Item #309504 Confessions of an English Opium-Eater. Thomas De Quincey.
Confessions of an English Opium-Eater

The Classic of Opium Addiction

Confessions of an English Opium-Eater.

London: Taylor and Hessey, 1822.

First edition. Half-title present and without the final leaf of ads. vi, 206 pp. printed by J. Moyes, Greville Street. 12mo. The Classic of Opium Addiction. Contemporary mottled calf, rebacked. Handsome copy Green 354; Horowitz, Phantastica 57; Tinker 817; "The most famous account of drug-addiction in English Literature..." (Norman, 619). Item #309504

First edition of the first part of De Quincey's classic, the author’s first book, the complete text of which did not appear until Boston, 1850. “Thomas De Quincey began using opium in 1802 and continued to use it on and off, passing through no less than four opium crises, during the course of his life…From the very first the impact of the Confessions has been virtually incalculable. A genre of literature was at once established that stands to this day: the drug confession.
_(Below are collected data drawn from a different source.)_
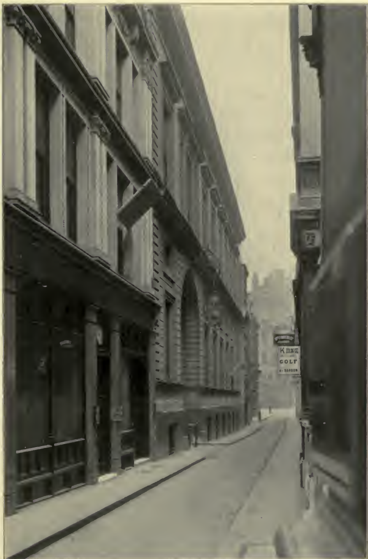
THE ROTHSCHILD OFFICES, St. Swithin's Lane, London, E.C. (House on the left with ornamental hanging sign.)
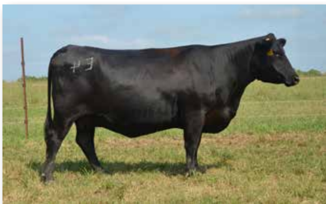
Lot 143 - CK Farrah GZ/B421 E4
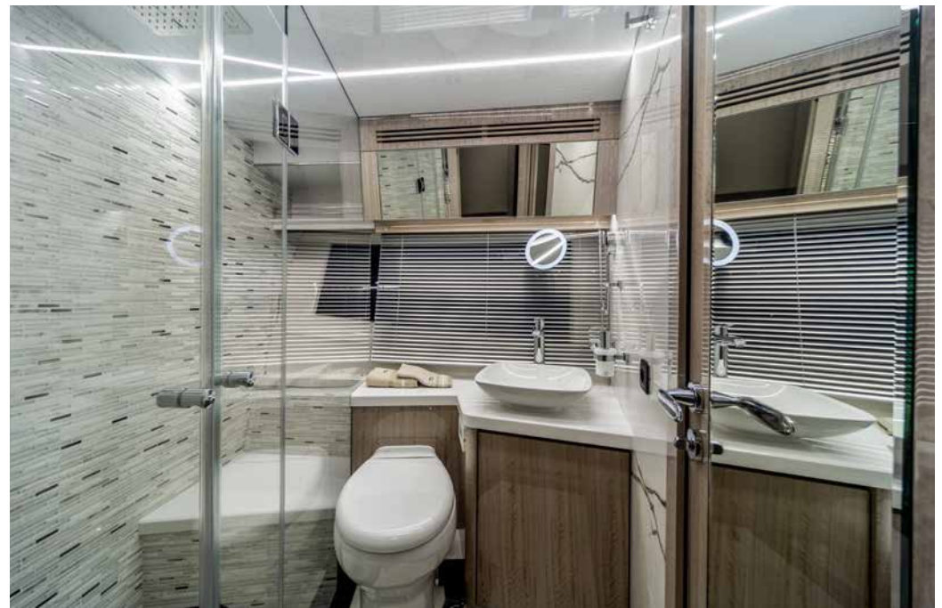
— In each bathroom you can stand freely and each has a separate dry area
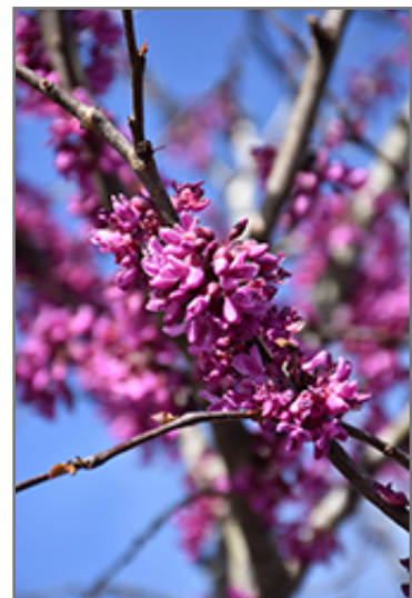
Eastern Redbud (tree form) flowers
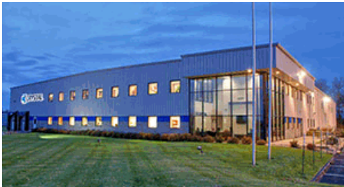
The Crystal Group had a growth rate of 108.6% and appeared on the list for their third time.
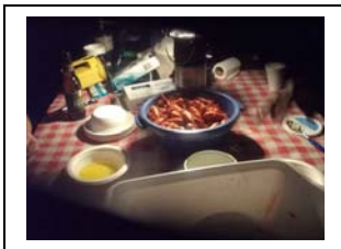
CRAWDADS BOILED AND SERVED AT TIMOTHY LAKE, NEAR MT. HOOD, OR.
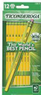
1 pack yellow #2 pencils
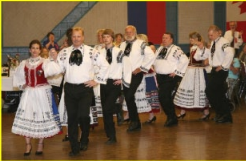
Youngstown Culture Group's Dancers
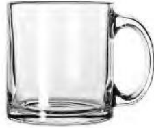
Mug No. 5213 13 oz./38.5 cl./385 ml. H3¼ T3¾ B3¾ D4¾ 1 doz./13# = .52 cu.ft. SCC 886531

Every writer of drug literature has paid his respects to De Quincey; and of course two of France’s greatest poets Musset and Baudelaire, translated Confessions. Its literary quality has also caused De Quincey’s first work to be placed in the top rank of English literature; its scientific precision has brought it to the attention of physicians and medical historians. The Confessions is among the classic works of English Romanticism, and yet it was decades before its author would dare put his name upon the title-page.” — Horowitz.